• Problem description:
Write out every line exactly, from the start of the records below to the line with "UNLV (9-2, 5-2", and stop there. Don't write out the pictures.
== Data for this task ==
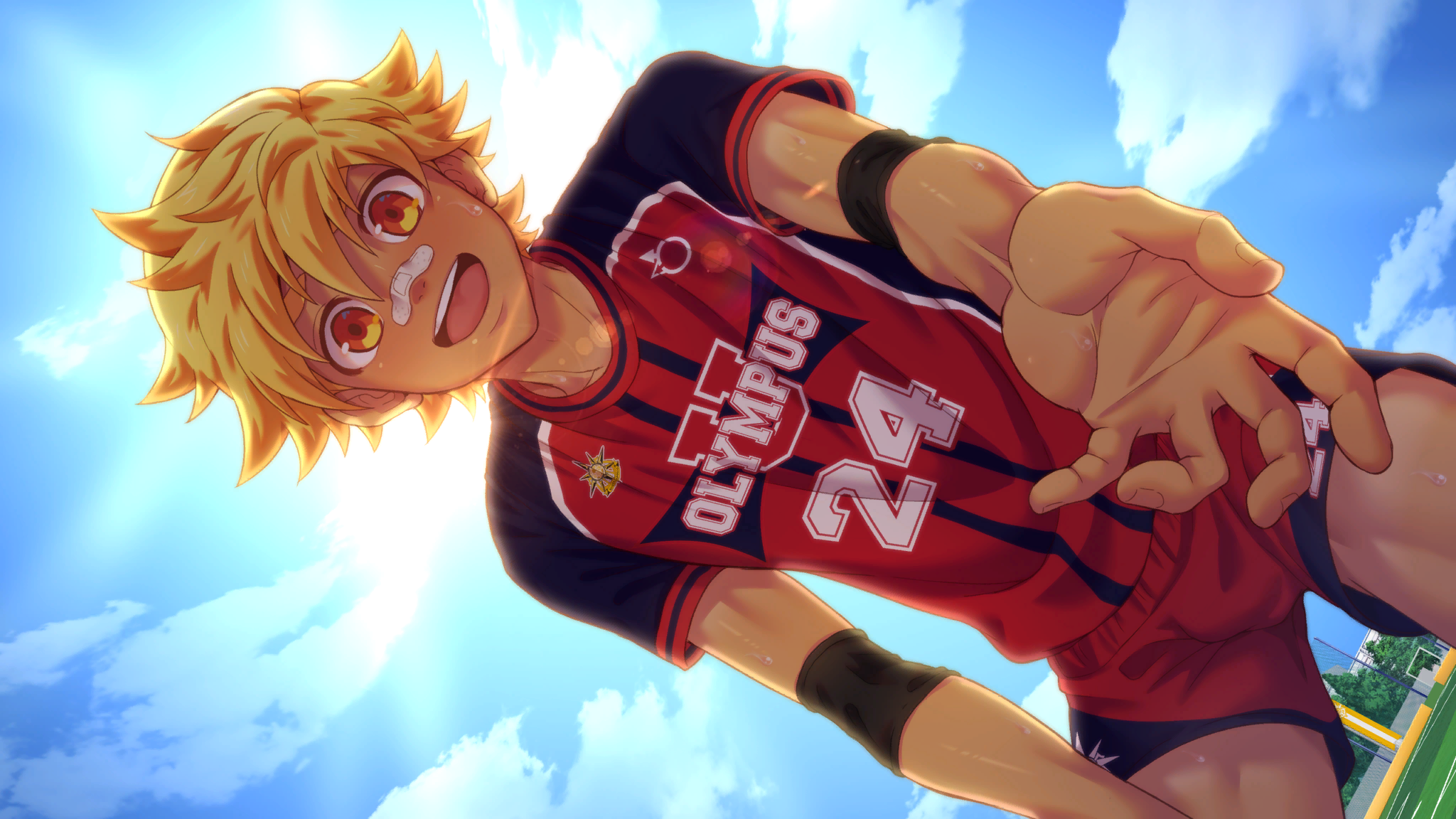 1boy armband artist_collaboration bandaid bandaid_on_face bandaid_on_nose black_armband blonde_hair blue_sky cloud dutch_angle highres jock_studio_(blits_games) leo_mendez_(jock_studio) looking_at_viewer male_focus mikkoukun non-web_source official_art open_mouth orange_eyes outdoors reaching reaching_towards_viewer red_shirt red_shorts shade shirt short_hair short_sleeves shorts sky solo teeth tongue upper_teeth_only variant_set zamius
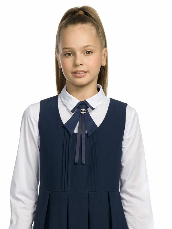 Сарафан для девочки в темно-синем цвете. Подойдет в качестве повседневного элемента школьной формы. Изделие соткано из двух частей, свободно сидит и не имеет застежки. Грудка декорирована вертикальными строчками, а в юбку заложено шесть складок, чтобы сделать изделие комфортным и свободным. Спинка цельная, книзу чуть расширяется, объем хорошо регулируется репсовой тесьмой, которую можно завязать на бант.
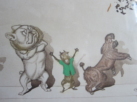 A great piece of collective signed art in excellent condition ready to hang, this would suit any dog collectors or French humorist artists living room, bedroom or library.
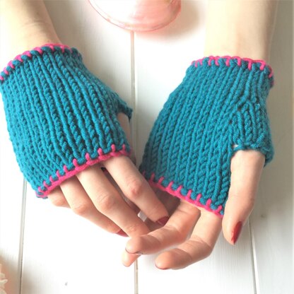 Bronnie fingerless mitts come in two sizes and 3 styles. These mitts were originally designed for a teenager who wanted something a bit more funky with a splash of bright colour. Knitted with chunky/bulky merino yarn for quick and cosy results. Fingers free for play. 3 styles are; - stocking/stockinette stitch mitts, mitts with rib edging, and mitts with blanket stitch edging.
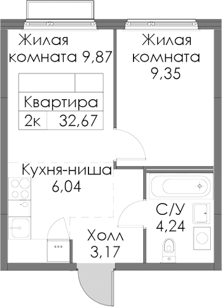 - Площадь32,67 м2
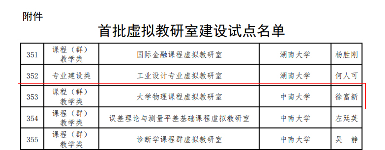 近日,教育部办公厅发文公布了全国首批虚拟教研室建设试点名单(教高厅函[2022]2号)。中南大学徐富新教授团队申报的“大学物理课程虚拟教研室”成功获批。
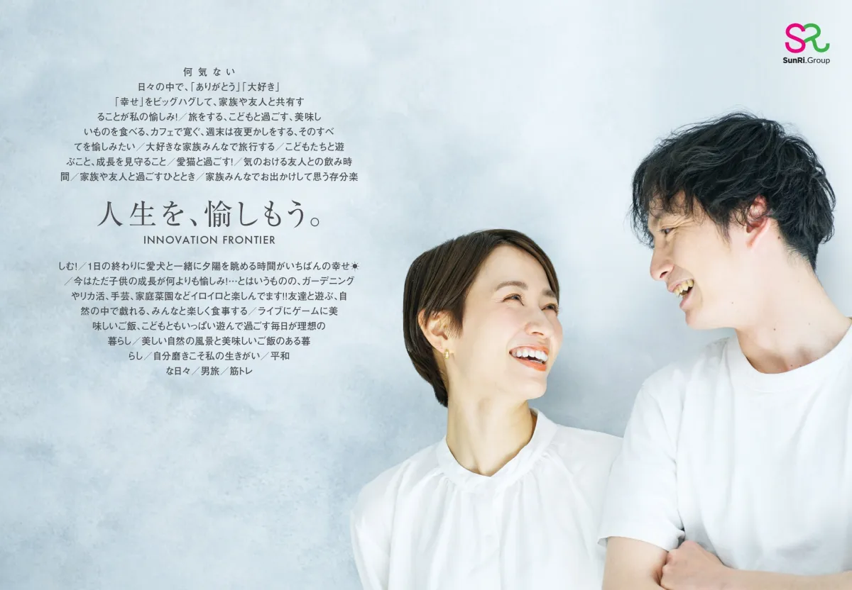 新ブランドのパブリックメッセージは「人生を、愉しもう。」です。サンリーグループは、住まいを通じて暮らしの豊かさを提供し、地域の発展に寄与したいと考えています。住まいの本質に向き合いながら、賃貸や売買、注文住宅といったさまざまなサービスを展開し、顧客一人ひとりのライフスタイルに寄り添います。
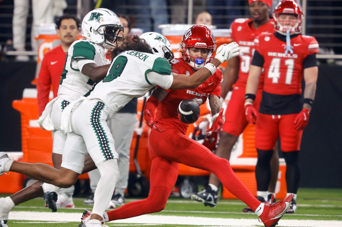 UNLV (9-2, 5-2 Mountain West Conference) turned the game-opening drive into a 44-yard field goal by Ramon Villela, but Hawaii (7-4, 4-3) answered with Micah Alejado’s 70-yard scoring strike to Jackson Harris on the Rainbow Warriors’ third play from scrimmage.
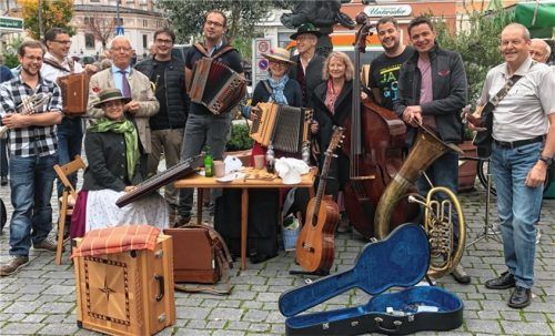 Gute Musik gab es beim Kirtasamstag auf dem Grünen Markt in Rosenheim. Die „Schafewoad-Musi“ unter der Leitung von Monika Fackeldey spielte traditionelle Stücke mit einer persönlichen Note. Spontan gesellte sich zu dem Auftritt auch die Gruppe „Karnischer Klang“ dazu, die sich gerade in Rosenheim au
===
• Solution for this problem:
 1boy armband artist_collaboration bandaid bandaid_on_face bandaid_on_nose black_armband blonde_hair blue_sky cloud dutch_angle highres jock_studio_(blits_games) leo_mendez_(jock_studio) looking_at_viewer male_focus mikkoukun non-web_source official_art open_mouth orange_eyes outdoors reaching reaching_towards_viewer red_shirt red_shorts shade shirt short_hair short_sleeves shorts sky solo teeth tongue upper_teeth_only variant_set zamius
 Сарафан для девочки в темно-синем цвете. Подойдет в качестве повседневного элемента школьной формы. Изделие соткано из двух частей, свободно сидит и не имеет застежки. Грудка декорирована вертикальными строчками, а в юбку заложено шесть складок, чтобы сделать изделие комфортным и свободным. Спинка цельная, книзу чуть расширяется, объем хорошо регулируется репсовой тесьмой, которую можно завязать на бант.
 A great piece of collective signed art in excellent condition ready to hang, this would suit any dog collectors or French humorist artists living room, bedroom or library.
 Bronnie fingerless mitts come in two sizes and 3 styles. These mitts were originally designed for a teenager who wanted something a bit more funky with a splash of bright colour. Knitted with chunky/bulky merino yarn for quick and cosy results. Fingers free for play. 3 styles are; - stocking/stockinette stitch mitts, mitts with rib edging, and mitts with blanket stitch edging.
 - Площадь32,67 м2
 近日,教育部办公厅发文公布了全国首批虚拟教研室建设试点名单(教高厅函[2022]2号)。中南大学徐富新教授团队申报的“大学物理课程虚拟教研室”成功获批。
 新ブランドのパブリックメッセージは「人生を、愉しもう。」です。サンリーグループは、住まいを通じて暮らしの豊かさを提供し、地域の発展に寄与したいと考えています。住まいの本質に向き合いながら、賃貸や売買、注文住宅といったさまざまなサービスを展開し、顧客一人ひとりのライフスタイルに寄り添います。
 UNLV (9-2, 5-2 Mountain West Conference) turned the game-opening drive into a 44-yard field goal by Ramon Villela, but Hawaii (7-4, 4-3) answered with Micah Alejado’s 70-yard scoring strike to Jackson Harris on the Rainbow Warriors’ third play from scrimmage.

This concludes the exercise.